9. Menurut Syahrani, hukum perburuhan adalah keseluruhan peraturan hukum yang mengatur hubungan-hubungan perburuhan, yaitu hubungan antara buruh dan majikan dengan perintah (penguasa).

Perlindungan Hukum Terhadap Pekerja Anak

Ketentuan mengenai pekerja anak diatur dalam Pasal 68 sampai dengan Pasal 75 UU Ketenagakerjaan.

Pada dasarnya Pasal 68 UU Ketenagakerjaan melarang pengusaha mempekerjakan anak, akan tetapi terdapat pengecualian di dalam UU Ketenagakerjaan yang mengatur mengenai hak-hak bagi pekerja anak, sebagai berikut:

1. Pekerja anak yang melakukan pekerjaan ringan

Bagi anak yang telah berumur antara 13 (tiga belas) tahun sampai dengan15 (lima belas) tahun dapat melakukan pekerjaan ringan sepanjang tidak mengganggu perkembangan dan kesehatan fisik, mental, dan sosial anak tersebut. Perusahaan yang akan mempekerjakan anak dalam lingkup pekerjaan ringan, harus memenuhi persyaratan sebagai berikut:

a. izin tertulis dari orang tua atau wali;

b. perjanjian kerja antara pengusaha dengan orang tua atau wali;

c. waktu kerja maksimum 3 (tiga) jam;

d. dilakukan pada siang hari dan tidak mengganggu waktu sekolah;

e. keselamatan dan kesehatan kerja;

f. adanya hubungan kerja yang jelas;

g. menerima upah sesuai dengan ketentuan yang berlaku.

Namun, terdapat pengecualian bagi anak yang bekerja pada usaha keluarganya, yaitu tidak diperlukan hal-hal yang ada dalam huruf a, b, f, dan g di atas.

Bagi pengusaha yang melanggar persyaratan-persyaratan ruang lingkup pekerjaan ringan bagi pekerja anak, dapat dikenakan sanksi pidana penjara paling singkat 1(satu) tahun dan paling lama 4 (empat) tahun dan/atau denda paling sedikit Rp 100.000.000,- (seratus juta rupiah) dan paling banyak Rp 400.000.000,- (empat ratus juta rupiah).

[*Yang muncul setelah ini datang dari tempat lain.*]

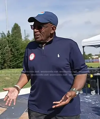 on Today on NBC was spotted wearing this navy quarter zip shirt on Today on Aug 05 2024's episode. 's Sweater is the Team USA Micro Dot Mesh Pullover by Polo Ralph Lauren . 's Shoes is the Fresh Foam X 1080 V12 Running Shoe by New Balance.
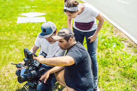 Film crew working together on the set. Organization of outdoor shooting. Director giving directions.
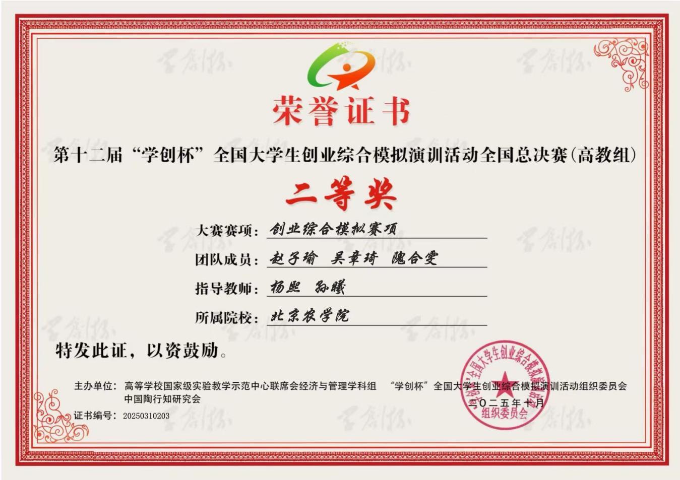 教师孙曦、杨熙的悉心指导下,荣获创业综合模拟赛项全国二等奖。

2. Pekerja anak yang bekerja di tempat kerja yang merupakan bagian dari kurikulum pendidikan atau pelatihan yang disahkan oleh pejabat yang berwenang

Yang dapat bekerja di tempat kerja tersebut adalah anak yang berumur paling sedikit empat belas (14) tahun. Namun, pengusaha yang bersangkutan harus memiliki beberapa persyaratan bagi pekerja anak yang bekerja ditempatnya, yaitu:

a. diberi petunjuk yang jelas tentang cara pelaksanaan pekerjaan serta bimbingan dan pengawasan dalam melaksanakan pekerjaan; dan

b. diberi perlindungan keselamatan dan kesehatan kerja.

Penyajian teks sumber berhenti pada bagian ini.